Deworming the World
Boosting school populations in developing countries
MIT Professor Kristin Forbes admits she once wondered if economics was “all about doing proofs in an ivory tower.” Now, as a founder of Deworm the World, she has seen firsthand “the power of good economics to improve the lives of millions.”
A nonprofit organization, Deworm the World provides school-based programs to treat children for parasitic worms. Worldwide, more than 400 million children suffer from intestinal worms, which can make them too sick to attend school.
“People rarely die from worms. It’s not as dramatic as AIDS,” Forbes says. But treating for worms is incredibly cost-effective. A child can be dewormed for 50 cents or less a year — and is more likely to attend school, learn more, and have higher earnings later in life than infected children, according to research conducted by MIT’s Abdul Latif Jameel Poverty Action Lab.
Incorporated in 2008, Deworm the World tackles the worldwide problem of chronic, widespread infection with helminth or schistosome worms. Transmitted through contaminated soil or water, these worms live in the intestines and cause stomach pain, fever, vomiting, diarrhea, loss of appetite, blood in stools or urine, and fatigue.
Treatment is simple: a deworming tablet given just once a year will safely eradicate infection. In fact, Forbes says Deworm the World focuses on treating whole school populations, rather than testing and treating affected individuals, because testing is significantly more expensive than mass treatment, which has no side effects.
It’s a perfect example of good economic policy in action. To date, Deworm the World has reached more than 20 million people in 27 countries and is continuing to expand.
For Forbes, however, it is just one of many projects in which she works to make the world better through economics. “I have given briefings to the president, the vice president, and members of the Cabinet,” says Forbes, who is the Jerome and Dorothy Lemelson Professor of Management and Global Economics at MIT. “It has been incredibly rewarding to see how explaining facts can change what they do.”
As a newly minted college graduate, however, Forbes initially did what most economics majors did: she went to work on Wall Street. There she quickly discovered the “thrill of the deal” wasn’t enough for her, so when she was offered a job at the World Bank, she leaped at the chance.
She spent much of her year there trying to explain the so-called “Asian miracle” — the rapid growth of China and several other Asian economies that had pulled so many people out of poverty — and what lessons to apply to other countries.
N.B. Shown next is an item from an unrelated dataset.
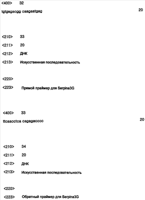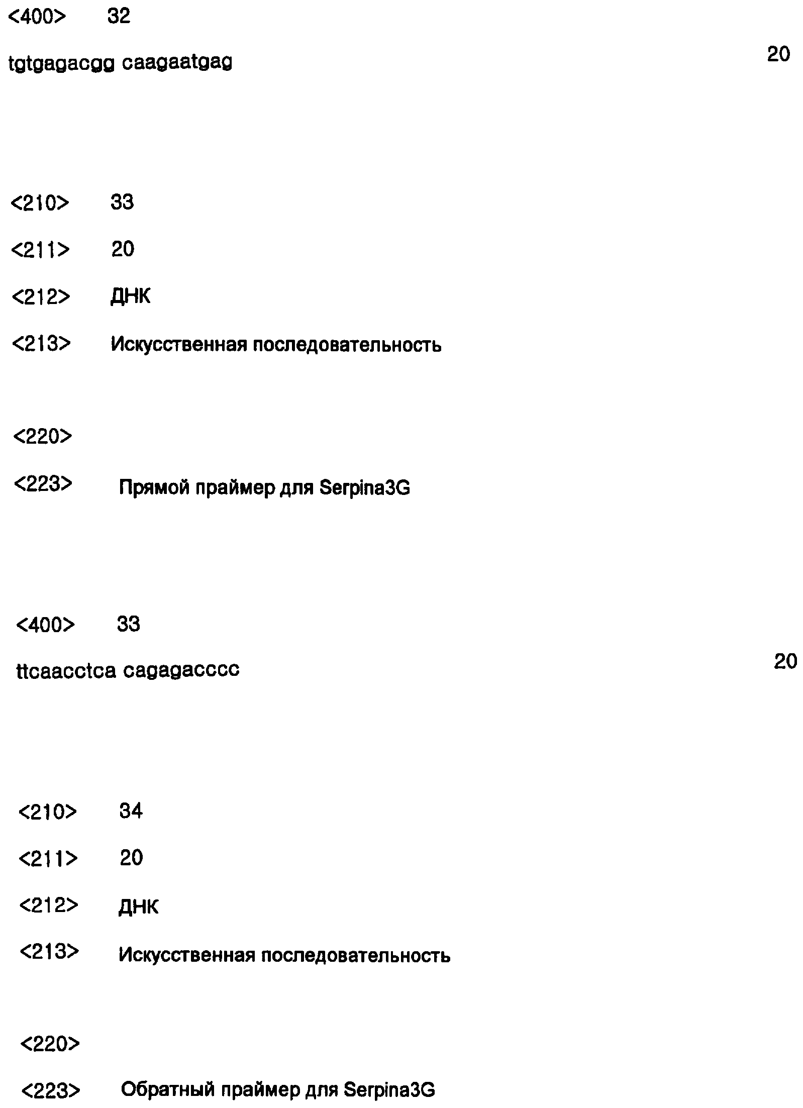 Нуклеотидные последовательности, представленные SEQ ID NO:33 и NO:34, представляют собой праймерные последовательности, используемые для ОТ-ПЦР с серпином 3G в примере 6.

The experience demonstrated for her the power of sound economic policies to better the world, and drove her to pursue a doctorate. “That’s when I fell in love with economics.”
Even after getting a Ph.D., however, Forbes considered leaving the academic path. “I wanted to effect things immediately,” she says — and she had a job offer from the International Monetary Fund. But then she got a call from the late MIT Professor Rudiger Dornbusch, a man she describes as an “amazing teacher, friend, mentor, and inspiration.” Dornbusch refused to hang up the phone until she agreed to take the job she’d been offered at the MIT Sloan School of Management.
“He convinced me that it’s very hard to make an impact on policy; first you have to establish credibility as an economist,” she says — and working at MIT and doing research would give her that edge.
“He was right,” Forbes says. A few years later, she took a leave of absence from MIT to become the youngest person ever to serve on the White House Council of Economic Advisers (in 2003-2005).
“I valued the independence that came from being the MIT economist on leave at the White House,” she says, explaining that she could argue with the president fearlessly because she had “a great MIT job to come back to.”
Founding of organization
Then, in 2007, Forbes had the chance to participate in the Forum of Young Global Leaders, “a group of amazing people” (as Forbes describes it) named by the World Economic Forum to serve as a catalyst for improving the world. A meeting of this group at Davos, Switzerland, led to the founding of Deworm the World by Forbes, Rachel Glennerster, Esther Duflo of MIT, and Michael Kremer of Harvard. “We saw this as a way we could make a concrete difference, by improving education in the developing world,” Forbes says.
Now that Deworm the World is up and running, Forbes is spending more time on other projects — notably conducting research on repatriation tax holidays and leading a major effort to explain the global financial meltdown — but she continues to spread the word that sound economic practices can make the world a better place.
“People often don’t understand the connection of economics to their day-to-day lives,” she says. “Explaining it clearly to people can make a powerful difference.”